February 27, 2007

Two Responses, Two Recoveries

Filed under: Katrina — PolitiCalypso @ 11:24 am
UPDATE (4:20 PM EST):
I discovered this report from the Institute for Southern Studies’ “Gulf Coast Reconstruction Watch.” It gives an overview of a number of problems facing the Gulf Coast and proposed solutions to them. Unfortunately, it neglects to mention global warming’s impact on sea levels, including the inundation of the barrier islands and the low-lying wetlands that would take place under these conditions. However, the rest of it is sound.

The problems have been identified, and solutions have been proposed. It is time to act. Enough is enough.

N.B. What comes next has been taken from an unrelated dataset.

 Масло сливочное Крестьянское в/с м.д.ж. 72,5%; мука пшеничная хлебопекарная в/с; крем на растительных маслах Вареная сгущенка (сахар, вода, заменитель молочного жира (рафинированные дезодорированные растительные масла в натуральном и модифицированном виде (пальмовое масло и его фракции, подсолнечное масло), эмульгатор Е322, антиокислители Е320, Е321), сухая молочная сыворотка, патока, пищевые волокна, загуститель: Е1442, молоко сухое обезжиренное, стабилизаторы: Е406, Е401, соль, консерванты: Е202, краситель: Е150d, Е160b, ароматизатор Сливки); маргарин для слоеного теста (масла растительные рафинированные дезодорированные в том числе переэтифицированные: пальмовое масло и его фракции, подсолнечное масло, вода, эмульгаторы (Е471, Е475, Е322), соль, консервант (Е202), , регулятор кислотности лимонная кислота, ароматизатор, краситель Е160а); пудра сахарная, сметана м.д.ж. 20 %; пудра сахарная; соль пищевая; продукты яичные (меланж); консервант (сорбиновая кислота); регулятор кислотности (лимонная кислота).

It’s no secret that the response to Hurricane Katrina was a fiasco, wherein no one got really suitable treatment but the level of recovery was still dramatically divided by race and class boundaries. Based on some of the stories in the news, which speak glowingly of Mardi Gras or the rehabilitation of the Superdome, you’d be led to believe that these disparities only surfaced during the immediate response attempts, and that things have been hunky-dory since then.

Well, you’d be wrong. The recovery of Hurricane Katrina is plagued with problems, the first of which I have already touched on–it does not consider the coming rise of the sea levels or the inundation of the coast’s natural defenses, which global climate change is predicted to cause. As I’ve said, there are several others: environmental damage, the domination of the rebuilding process by big industry, and the class-based inequality of personal property recovery. Although they are all closely related, today’s blog will only look at the last one.

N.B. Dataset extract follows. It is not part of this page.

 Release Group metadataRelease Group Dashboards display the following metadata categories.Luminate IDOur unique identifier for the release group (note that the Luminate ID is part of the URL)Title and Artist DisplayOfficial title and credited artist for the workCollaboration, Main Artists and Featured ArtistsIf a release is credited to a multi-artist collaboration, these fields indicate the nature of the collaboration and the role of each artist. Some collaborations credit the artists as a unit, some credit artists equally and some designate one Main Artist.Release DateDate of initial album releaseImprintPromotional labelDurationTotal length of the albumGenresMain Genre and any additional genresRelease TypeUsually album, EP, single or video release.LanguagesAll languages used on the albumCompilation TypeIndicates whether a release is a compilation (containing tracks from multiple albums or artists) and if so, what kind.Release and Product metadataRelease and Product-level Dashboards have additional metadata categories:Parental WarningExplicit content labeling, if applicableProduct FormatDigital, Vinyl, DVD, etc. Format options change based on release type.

The homeowners of coastal Mississippi have been parties to a lawsuit headed up by the state’s Attorney General. The basis of the suit was that their home insurance companies wrongly denied them damages for wind damage, because water damage that occurred later (and may or may not have been insured) obscured what part of the damage was actually caused by wind. Contrary to a popular claim, the lawsuit did not seek to award flood insurance damages to anyone who did not have flood insurance, nor did it award any damages to anyone who didn’t have hurricane insurance. In its sales pitches, the insurance industry misrepresents just what “hurricane insurance” really is (it’s homeowners’ insurance and does not include flood damage), but they don’t outright lie in the legal contracts. The fine print is there to read. Any lawsuit based upon this would have been, well, dead in the water. (Sorry for that.)

They won their suit. And one of the companies, State Farm, retaliated by freezing new policies for the state, as well as issuing a veiled threat to the entire Gulf Coast that they would pull as much existing coverage as they could legally get away with before the 2007 hurricane season begins. Louisiana pre-empted this by implementing a rule for insurers that:

suspends the right of any insurer to cancel or nonrenew any personal residential, commercial residential or commercial property insurance policy covering a dwelling, residential property or commercial property located in Louisiana that sustained damage as a result of Hurricane Katrina or its aftermath, or Hurricane Rita or its aftermath.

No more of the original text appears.